I'd like to specify positions on a plane or in 3D space using just a single number
I can see one way to do it in a plane, using a spiral. I simply start at the centre and travel along the spiral a given distance.
I can clearly specify any point on the plane this way, to any required degree of precision, with a single length measurement.
Question
(a) Is there a more intuitive* function to use whilst still using only a single co-ordinate?
(b) What 3D function can I use to generalise this spiral (or similar function) to a 3D space?
*Note: A spiral is intuitive in that, the bigger the number, the further you are away radially from the origin. Of course, the actual distance from the origin and direction are not obvious without further manipulation of the measurement function.
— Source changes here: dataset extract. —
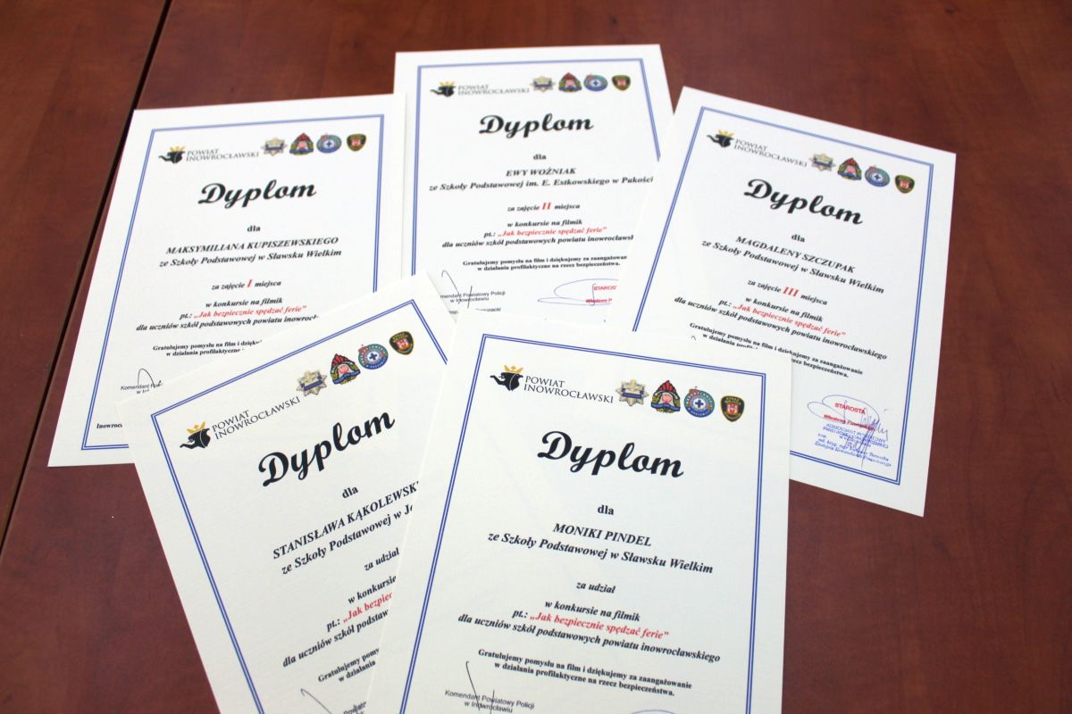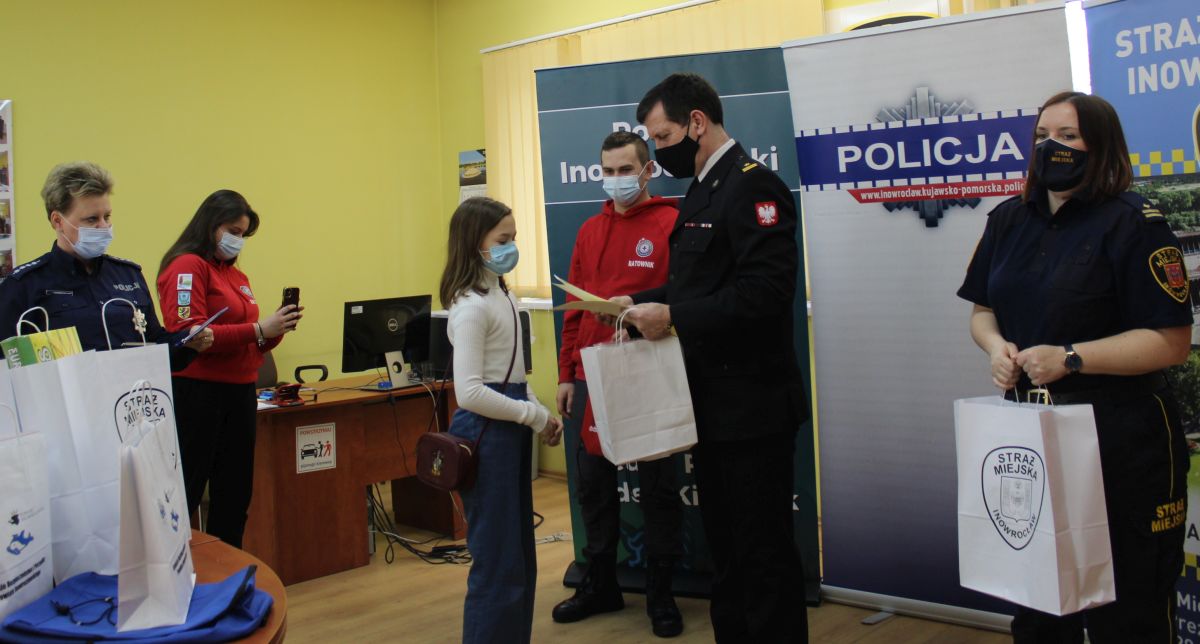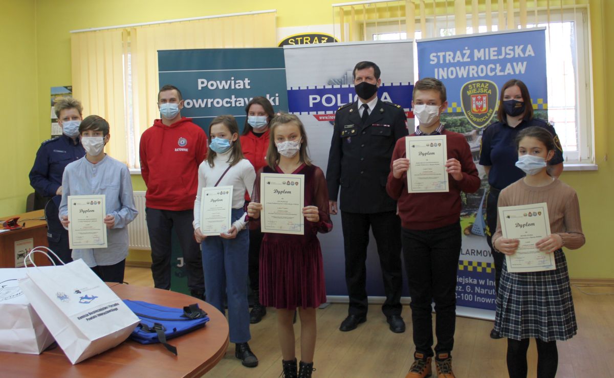 Komenda Powiatowa Policji w Inowrocławiu, Komenda Powiatowa Państwowej Straży Pożarnej w Inowrocławiu, Nadgoplańskie WOPR w Kruszwicy, Straż Miejska Inowrocław oraz Powiat Inowrocławski nagrodzili uczestników konkursu. Celem inicjatywy profilaktycznej była edukacja na temat zasad bezpieczeństwa poprzez propagowanie sposobów spędzania czasu wolnego. Zadaniem uczestników było nagranie filmiku ze swoim udziałem, który pokazuje jak bezpiecznie spędzać ferie. Pięciu laureatom udało się to zrobić w sposób najbardziej ciekawy. Komisja w składzie: Zastępca Komendanta Straży Miejskiej Sylwia Przebieracz, Zastępca Komendanta Powiatowego Państwowej Straży Pożarnej mł. bryg. Ireneusz Taraszka, przedstawiciel Nadgoplańskiego WOPR w Kruszwicy Jarosław Wiśniewski oraz policjantki st. asp. Justyna Piątkowska i asp. szt. Izabella Drobniecka, przyznała trzy miejsca i dwa wyróżnienia. Laureaci wraz z rodzicami zostali zaproszeni do siedziby Straży Miejskiej w Inowrocławiu. Tam zostały wręczone nagrody, które ufundowali organizatorzy. Oto zwycięzcy:

The spiral does not work in the strict mathematical sense, i.e. there will always be gaps between successive loops of the spiral. In order to actually cover the entire plane (or even a small subset like a filled in square $[0,1]^2$ you need to use a relatively pathological object called a space-filling curve. But with a spiral, you do pass through say, every cube with integer coordinates if your spiral is tightly wound enough.
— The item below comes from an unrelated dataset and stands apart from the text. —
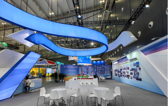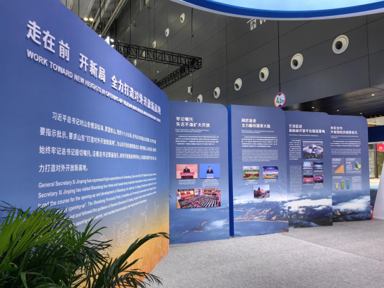山东主题展区设计整体以山东首字母“S”为基本元素,以领航巨轮为基本造型,以飘带概括链接,融汇齐鲁文化、海洋文化、丝路文化、泰山文化等概念,诠释了从蒙山沂水到黄河两岸,从泰山脚下到渤海之滨蕴含丰富文化性、地域性、科技性的齐鲁大地。展厅以展板+展品的形式呈现,展板视觉设计方面以线条描绘的代表性非洲动植物为基本元素,象征着中非的友好贸易关系。展板整体色彩上由蓝黄绿渐变组成,体现了“黄河入海”的特殊文化内涵。同时也将山东对外开放多元共融的发展理念,与博大的黄河文化、厚重的齐鲁文化相融合,象征着中非友好合作与时俱进。序厅以“走在前 开新局 全力打造对外开放新高地”为主题,以“牢记嘱托矢志不渝扩大开放”“踔厉奋进全力服务国家大局”“交流促进高能级开放平台接连落地”“务实合作开放型经济成果非凡”四个板块讲述山东在牢记总书记嘱托,主动服务国家开放大局,奋力打造对外开放新高地的奋斗形象,以“好客山东”的至诚姿态迎接着八方来宾。

It would seem to me that this issue
disappears once you choose a certain fixed spiral, because the act of choosing the spiral also forces you to say what the angle and radius of each point is.
One choice, which does indeed pass through every box with integer coordinates (although some will be right on the border) is the spiral whose point at angle $\theta\ge 0$ is at distance $\theta/360º$. So after each round of 360º, the distance from the origin advances by $1$. (This sort of spiral that is linear in the angle is precisely what your picture is. There are other spirals that get more or less packed for larger angles..)
If you would like to have integer coordinates for your 'spiral', a reasonable choice is maybe something like the Ulam spiral.
As for a 3D generalisation of a densely packed spiral, I find it hard to visualise. Perhaps you can take some inspiration from yarn balls...?